Как раз накануне знакомая летчица Гражданского воздушного флота обратилась ко мне с просьбой, чтобы я помог ей попасть на фронт. Я рассказал об этом Расковой. Она очень обрадовалась:
– Дайте я запишу ее адрес и сегодня же вызову. Нам очень нужны опытные летчицы.
Раскова, оказывается, разыскивала по всей стране воспитанниц аэроклубов и летных школ гражданской авиации. Когда узнали, что создается женская летная часть, Раскову стали осаждать девушки-комсомолки из вузов, старших классов средних школ, с фабрик, заводов, из учреждений. У многих из них не было никакой авиационной специальности, но было горячее желание защищать родную страну. И в некоторых случаях этого было достаточно. Из них стали готовить техников и вооруженцев.
Наконец первый в мире женский летный полк был сформирован. В составе его были только женщины – от командира до обслуживающего персонала. И первый приказ по полку обязывал весь личный состав коротко подстричься. Пожалуй, ни один приказ не выполнялся так неохотно, как этот – трудно было расстаться с косами и локонами. Но командир полка капитан Евдокия Бершанская была непреклонна.
В маленьком городке на Волге за три месяца упорного, напряженного труда, тревог, бессонных ночей был пройден курс учебы, на который в мирное время полагалось три года. Ночной легкобомбардировочный полк был готов к отправке на фронт.
Марине Расковой не суждено было повести в первый бой своих питомцев.

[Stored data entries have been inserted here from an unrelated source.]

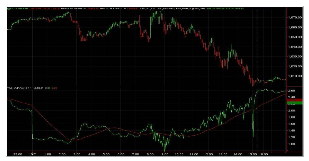
TAS VIX™ on 3-minute S&P Futures
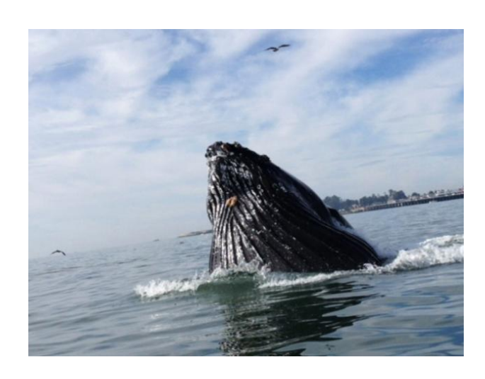
Humpback whales are crowding close to shore this summer in search of food.
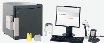
Pyxis ProcedureStation system with Tissue and Implant module Tissue and implant management

RFID auxiliary (not pictured) Secure stent management 31" W x 28" D x 79.5" H
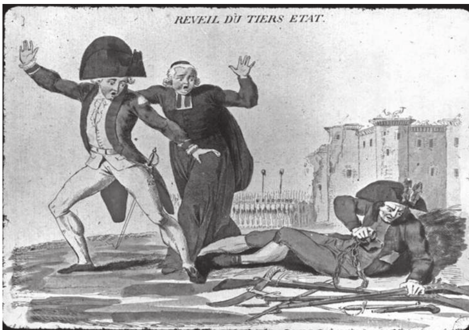
A cartoon titled 'The Awakening of the Third Estate', published in France in July 1789. The Bastille is in the background.

Answer both parts of the question with reference to the sources.
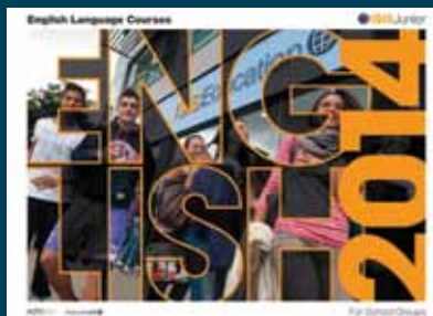
ISIS Junior Off Season Courses
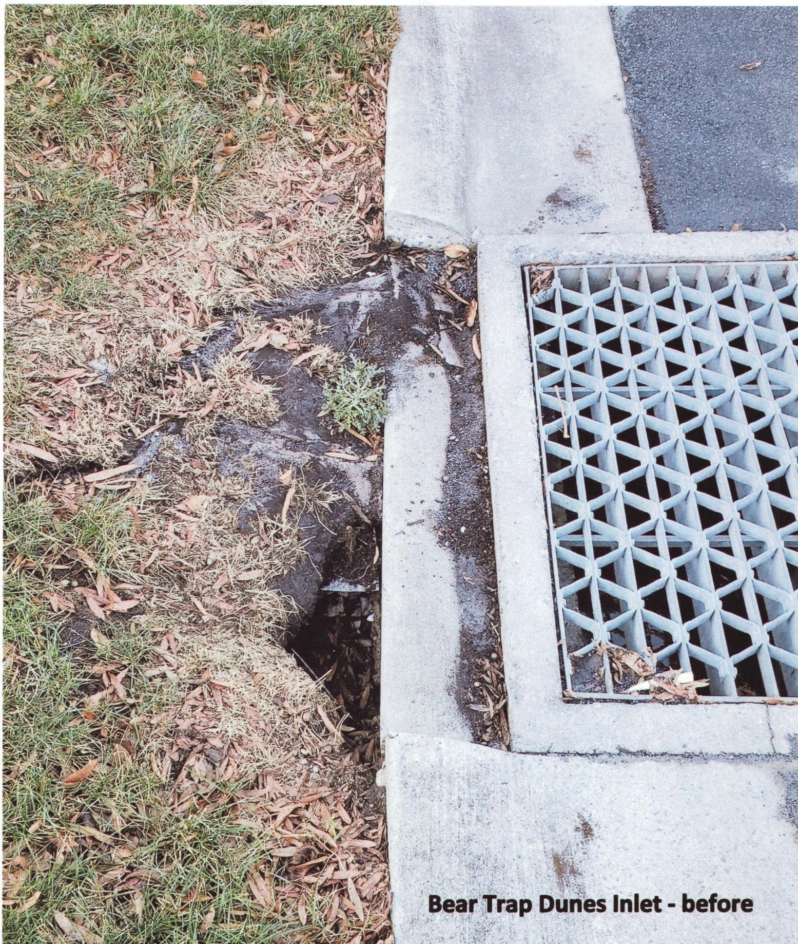
Bear Trap Dunes Inlet - before
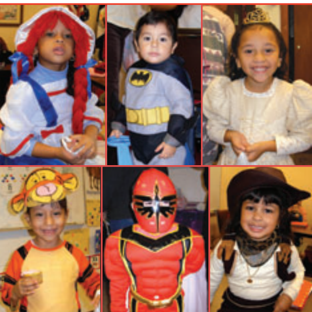
Adelante's Leamos Juntos serves a need for preschoolers, p. 6
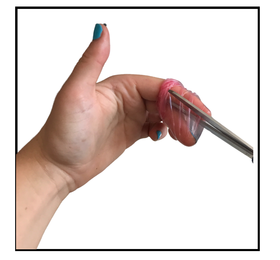
Cut off the bottom of the condom.
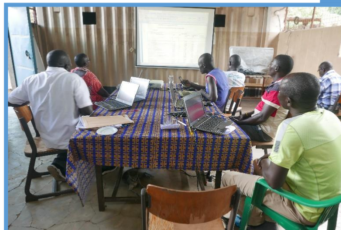
Figure 3 Senior Staff plan programs and budgets for 2022 together.

On Nov.06.2021, an all Staff Budgeting and Planning meeting was held. This was an excellent opportunity to learn how to formulate and write budgets and how to plan for future activities. It was also good to have all the staff provide input and see what other departments are planning for 2022.
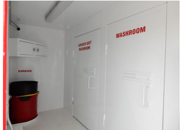
His & Her Washrooms w/Flush toilet
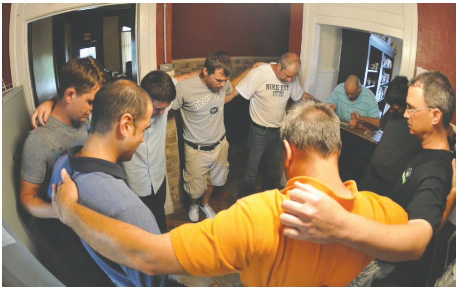
Residents pray before their meals together.

“Back then I was praying for God to give me strength, now I’m praying that God IS my strength.” He encourages other addicts. “It is much easier
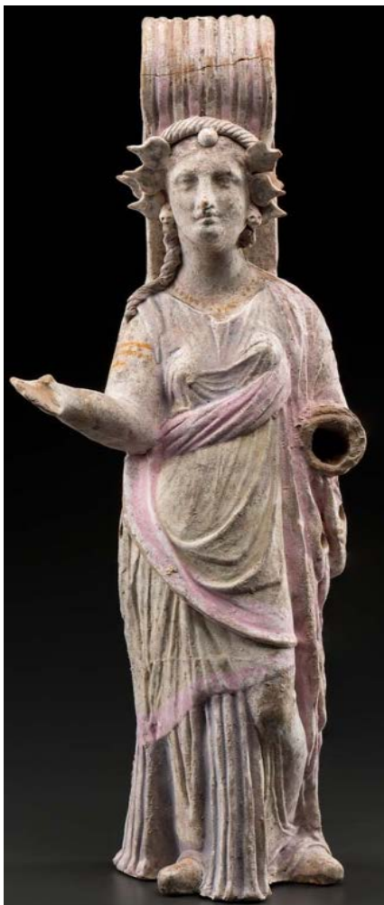
Fig. I.3: Venus/Aphrodite from Southern Italy, 3 rd century B.C.E.

An additional difficulty obstructs the categorization of Rome's goddesses: that scholarship tends to identify Roman mythology as little more than a development of Greek myth. Any investigation into the culturally distinctive identity of a Roman goddess must first reconcile its multiple cultural influences. While the hybridized myths of Rome certainly reflect their Greek contributions, in order to understand the Latin goddesses as having an independent mythology, we need to factor in the mythographic contributions of Rome's other predecessors, from the Etruscans to the Oscans and other distinct native cultures. Rather than trying to ignore these
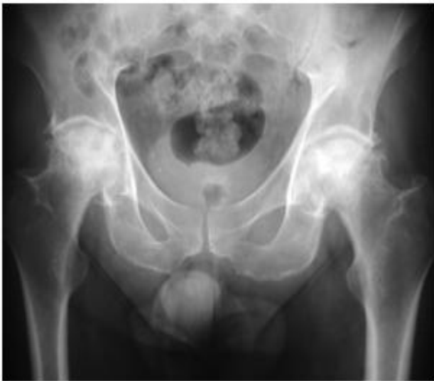
Figure 1. AP radiograph of the pelvis showing Ficat stage four osteonecrosis bilaterally.
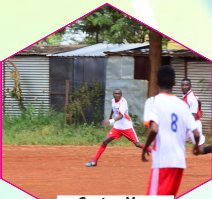
Gretsa Men Football Team
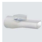
Mouthpiece with valve
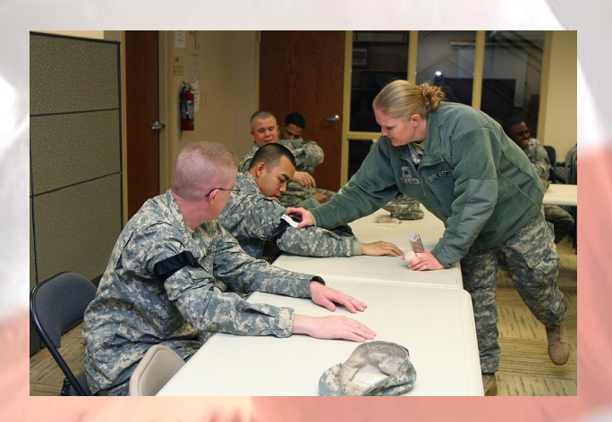
Tactical Combat Casualty Care
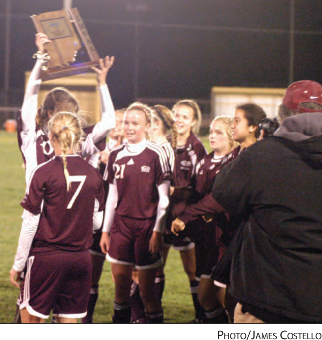
Members of the CGA girls soccer team celebrate their sectional championship win over Plymouth at Argos Saturday.
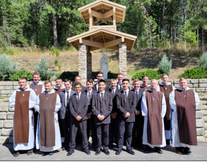
Our seminary this year comprises 3 Priests and 5 Brothers, along with the seminarians.

minor seminarians and we have the opportunity to receive Holy Communion every day of the week. As I like books, the seminary library is truly special. It has so many great tiles that wait to be read, that it is a sorrow to be separated from them.
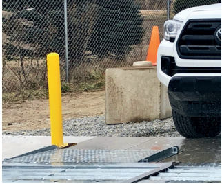
Targeted spray for maximum effectiveness
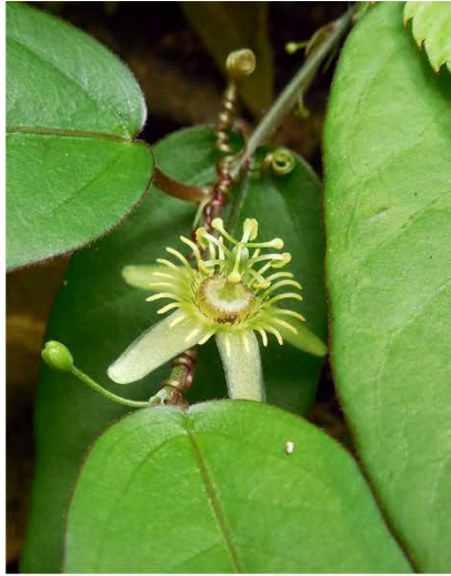
Corkystem passionflower ( Passiflora suberosa ) JP
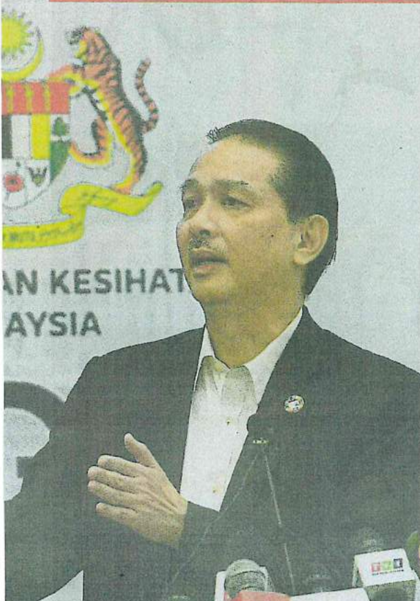
Health director-general Datuk Dr Noor Hisham Abdullah at a press conference on the Covid-19 daily update in Putrajaya yesterday.
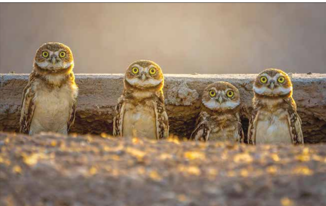
'Juvenile Burrowing Owls' is by Paulette Donnellon.

California Watchable Wildlife News Release
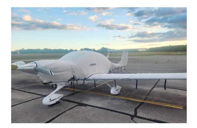
Diamond DA-40 Winter Cover Set

This cover type is made from Silver Acrylic Sunbrella canvas and is 100% lined with a soft and smooth microfiber. Bruce's Custom Covers developed this material combination especially for aircraft protection. The outer material is medium weight and treated for water resistance, UV resistance and anti-static buildup. The inner lining is a very soft and smooth microfiber to prevent scratching. The material is very reflective, and tests show that the cabin interior temperature can be reduced to near-ambient temperature on the hottest of days. It is water, ice and snow repellent, yet breathable to allow moisture to escape from between the cover and the aircraft surface.

Ей было поручено формировать новый женский полк, на этот раз скоростных бомбардировщиков.
Я встретился с ней на заводе, где она получала самолеты.
– Знаете что, Марина, – сказал я ей в шутку. – Вы ведь прекрасный штурман. Переходите ко мне на самолет, будем вместе бомбить Берлин.
– Спасибо за лестное приглашение, – улыбаясь, ответила она, – но ведь это очень страшно. Уж лучше я буду формировать полк, а летают пусть другие…
Мы рассмеялись. Я ведь знал, что Раскова каждый день, рискуя жизнью, поднимается в воздух на новых бомбардировщиках.
«Для того чтобы хорошо командовать, – говорила она, – нужно самой хорошо летать и, конечно, в совершенстве знать машины, на которых летают твои подчиненные».
Скоро я улетел из этого города. А потом узнал печальную весть: Раскова разбилась, летая на новом самолете.
Созданный ею женский полк прибыл на фронт в трудное время. Гитлеровцы, решив захватить Москву с юго-востока, стянули огромные силы в ударный кулак и бросили его на Южный фронт. Захватчики рвались к Дону.
Здесь, над донскими степями, и начал воевать полк Бершанской. Многие лётчицы были разочарованы тем, что им пришлось летать на маленьких самолетах ПО-2. Они мечтали о стремительных истребителях, о мощных тяжелых бомбардировщиках. Но в первые же боевые вылеты они полностью оценили свою маленькую машину.
Девушки научились летать, не считаясь с погодой. Были у них так называемые ночи-максимумы, когда отдельные экипажи делали по пять-шесть вылетов, а полк в целом – до восьмидесяти. Каждый самолет обрушивал за ночь на головы фашистов больше тысячи килограммов бомб. Некоторые экипажи загружали кабины самолетов ручными гранатами, и штурман сбрасывал их на вражеские автомашины, если они попадались на фронтовых дорогах.
От вылета к вылету росло боевое мастерство девушек-воинов. Тут же па фронте они меняли свою летную специальность: вооруженцы становились авиатехниками, авиатехники – штурманами, штурманы – летчиками.
Был такой случай в боях под Новороссийском. Летчик Евдокия Носаль поднялась в свои триста пятьдесят четвертый боевой вылет. Вместе с ней, штурманом, летала бывший авиамеханик Ирина Каширина.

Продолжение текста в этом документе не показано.